Дитер Шнауц, тощий хиппи с грязными светлыми волосами ниже плеч, только вчера покинувший своё временное убежище в пригороде Мюнхена, едва волочил ноги от усталости, но, несмотря на это, внутри ощущал себя бодрым и полным сил. Древний индийский город мёртвых, шумный Варанаси с его многолюдными улочками и постоянными ветрами, бесконечно длинными набережными вдоль матери-Ганги и ветхими лодочками на реке остался далеко позади – вместе с запахами пряных благовоний, слишком острой на вкус немца уличной едой и шумными стайками босых попрошаек, повсюду следующих и хватающих за руки каждого встречного туриста.
Впереди ждал Сарнатх, бывший целью Дитера и его случайных спутников. Молоденькие шведы Ларс и Ингрид, сбежавшие из дома после крупной ссоры с родителями. На вид подросткам не было и семнадцати, и двадцатипятилетний немец ощущал ответственность за них с момента знакомства на вокзале Варанаси. Испуганные воробышки, думал он. Именно это сравнение пришло в голову Дитеру, когда он впервые взглянул на шведов: оказавшись в незнакомой обстановке, Ингрид с Ларсом шустро перебегали взглядами с одного объекта на другой, их тонкие большие рты были постоянно открыты от удивления и восхищения, но в то же время головы были втянуты в плечи, как будто они каждую секунду ожидали удара. Наверное, так сильно боялись, что родственники уже обнаружили отсутствие подростков и активно их разыскивают, что им в голову не приходила мысль о том, что теперь они достаточно далеко от дома и вряд ли кто-нибудь найдёт их здесь.

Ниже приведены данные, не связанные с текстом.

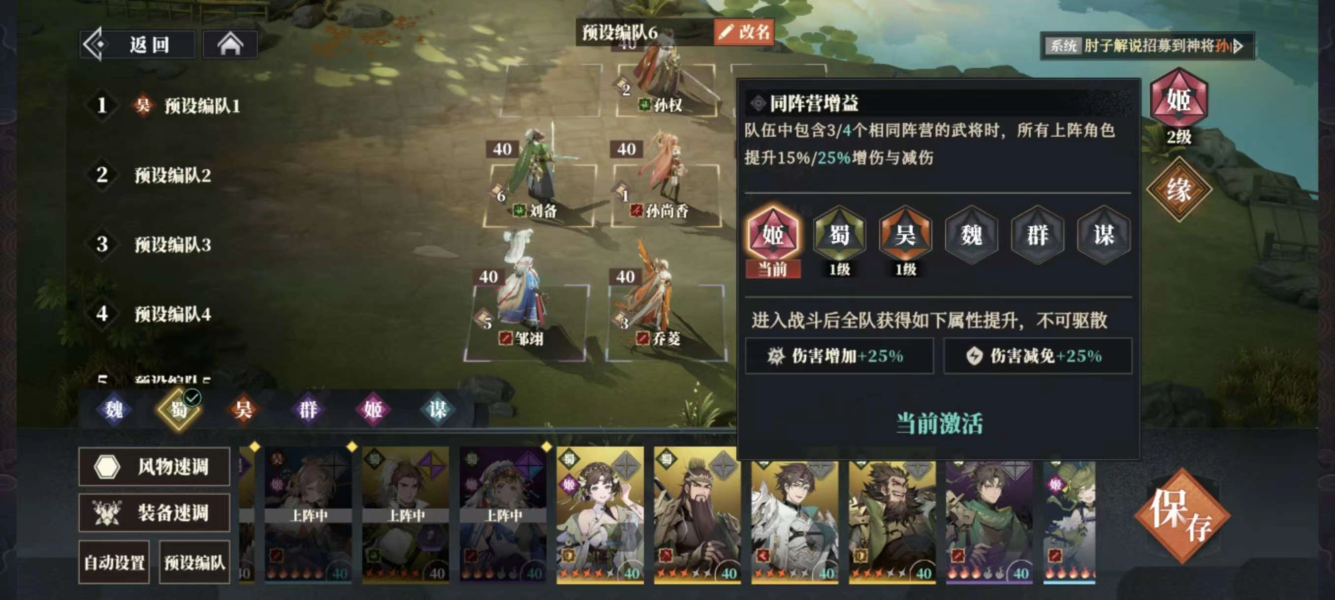 1、上阵3吴3蜀武将时,不能同时激活两个3阵营光环(因为只取最高),但可通过吴蜀6人中有4姬来激活4阵营光环。这样就可以同时获得阵营光环25%+吴蜀联姻15%=40%增减伤的高额加成。

– Дитер, ты ведь здесь уже не в первый раз? – у Ингрид огромные голубые глаза и пара десятков разноцветных браслетов на тонких запястьях и предплечьях. Короткие джинсовые шорты, растянутая жёлтая майка с нарисованным от руки чуть кривоватым знаком пацифистов и красный хайратник – казалось, девчушка только играла в хиппи, надев вещи старшей сестры.
Весь багаж хрупкой блондинки составляла объёмная плюшевая сумка с бахромой, так что немец сразу догадался, что почти все её вещи тащит в своём сверхвместительном спортивном рюкзаке Ларс, одетый в натуральные хлопковые брюки и свободную рубаху – как и сам Дитер.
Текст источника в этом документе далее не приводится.